§ **DATASET CONTENT**
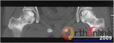 图3-1 女,31岁,SARS患者骨坏死,(1)MRI示双侧股骨头坏死,右Ⅱb(B型),左Ⅱc(C1型);(2)打压植骨术(未加BMP2)后坏死修复不完全,仍遗留股骨头软骨下病灶未完全修复, 5年随访关节功能优(Harris评分96分)
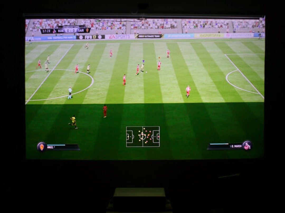 O contraste especificado é 3000:1, que praticamente não é diferente de outros dispositivos que possuem taxas mais altas, por exemplo, 1.000.000:1. Esse valor geralmente pouco explica a verdadeira qualidade da imagem, principalmente quando se trata de um projetor, pois mesmo um pequeno brilho externo afeta o reflexo da projeção. Em uma sala escura, a imagem não é inferior a uma TV LED de alta qualidade.
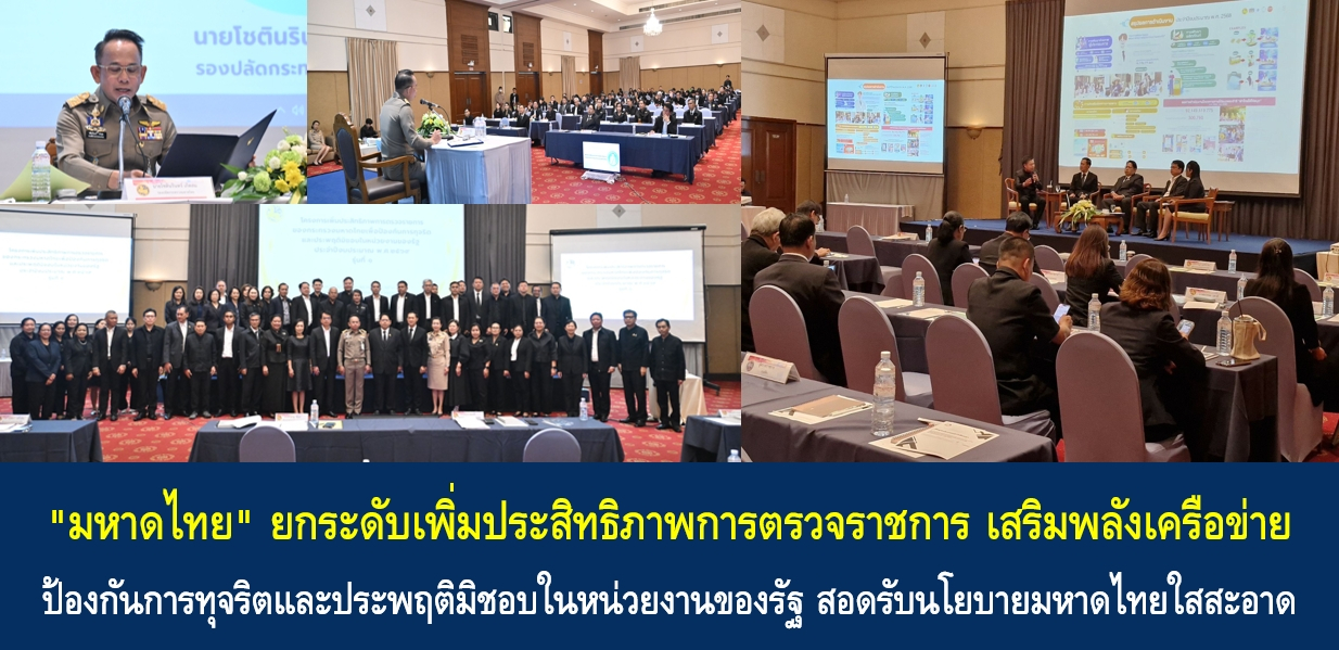 วันนี้ (15 ธ.ค. 68) เวลา 09.30 น. นายอรรษิษฐ์ สัมพันธรัตน์ ปลัดกระทรวงมหาดไทย มอบหมายให้ นายโชตินรินทร์ เกิดสม รองปลัดกระทรวงมหาดไทย ด้านบริหาร เป็นประธานเปิดการสัมมนาและมอบแนวทางเพิ่มประสิทธิภาพการตรวจราชการของกระทรวงมหาดไทย เพื่อป้องกันการทุจริตและประพฤติมิชอบในหน่วยงานของรัฐ ปี 2569 รุ่นที่ 1 โดยมี นายสมภพ สมิตะสิริ หัวหน้าผู้ตรวจราชการกระทรวงมหาดไทย ว่าที่ ร.ต.ตระกูล โทธรรม ผู้ตรวจราชการกระทรวงมหาดไทย นายชำนาญ ชื่นตา ผู้ตรวจราชการกระทรวงมหาดไทย นางพรรณวิภา ปิยัมปุตระ รองผู้ว่าราชการจังหวัดกาญจนบุรี พร้อมด้วยผู้บริหารกรม ผู้ตรวจราชการกรม ผู้ตรวจราชการกรุงเทพมหานคร ผู้แทนหน่วยงานรัฐวิสาหกิจในสังกัดกระทรวงมหาดไทย และข้าราชการที่เกี่ยวข้อง เข้าร่วม ณ ห้องประชุมไพลินคอนเวนชั่น โรงแรมเฟลิกซ์ ริเวอร์ แคว รีสอร์ท อ.เมืองกาญจนบุรี จ.กาญจนบุรี
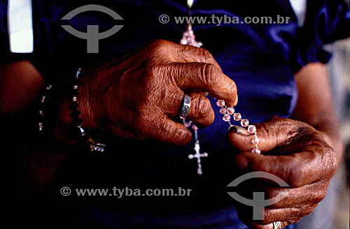 •  Detalhe de mão com terço e crucifixo, em missa noturna na cidade de Bom Jesus da Lapa, uma manifestação importante da fé católica no Brasil - Bahia  - Bom Jesus da Lapa - Bahia - Brasil

§ **YOUR TASK**
Repeat the exact lines from the first line of the data through the line containing "วันนี้ (15 ธ.ค.". Nothing else, no pictures.

§ **RESPONSE BELOW**
 图3-1 女,31岁,SARS患者骨坏死,(1)MRI示双侧股骨头坏死,右Ⅱb(B型),左Ⅱc(C1型);(2)打压植骨术(未加BMP2)后坏死修复不完全,仍遗留股骨头软骨下病灶未完全修复, 5年随访关节功能优(Harris评分96分)
 O contraste especificado é 3000:1, que praticamente não é diferente de outros dispositivos que possuem taxas mais altas, por exemplo, 1.000.000:1. Esse valor geralmente pouco explica a verdadeira qualidade da imagem, principalmente quando se trata de um projetor, pois mesmo um pequeno brilho externo afeta o reflexo da projeção. Em uma sala escura, a imagem não é inferior a uma TV LED de alta qualidade.
 วันนี้ (15 ธ.ค. 68) เวลา 09.30 น. นายอรรษิษฐ์ สัมพันธรัตน์ ปลัดกระทรวงมหาดไทย มอบหมายให้ นายโชตินรินทร์ เกิดสม รองปลัดกระทรวงมหาดไทย ด้านบริหาร เป็นประธานเปิดการสัมมนาและมอบแนวทางเพิ่มประสิทธิภาพการตรวจราชการของกระทรวงมหาดไทย เพื่อป้องกันการทุจริตและประพฤติมิชอบในหน่วยงานของรัฐ ปี 2569 รุ่นที่ 1 โดยมี นายสมภพ สมิตะสิริ หัวหน้าผู้ตรวจราชการกระทรวงมหาดไทย ว่าที่ ร.ต.ตระกูล โทธรรม ผู้ตรวจราชการกระทรวงมหาดไทย นายชำนาญ ชื่นตา ผู้ตรวจราชการกระทรวงมหาดไทย นางพรรณวิภา ปิยัมปุตระ รองผู้ว่าราชการจังหวัดกาญจนบุรี พร้อมด้วยผู้บริหารกรม ผู้ตรวจราชการกรม ผู้ตรวจราชการกรุงเทพมหานคร ผู้แทนหน่วยงานรัฐวิสาหกิจในสังกัดกระทรวงมหาดไทย และข้าราชการที่เกี่ยวข้อง เข้าร่วม ณ ห้องประชุมไพลินคอนเวนชั่น โรงแรมเฟลิกซ์ ริเวอร์ แคว รีสอร์ท อ.เมืองกาญจนบุรี จ.กาญจนบุรี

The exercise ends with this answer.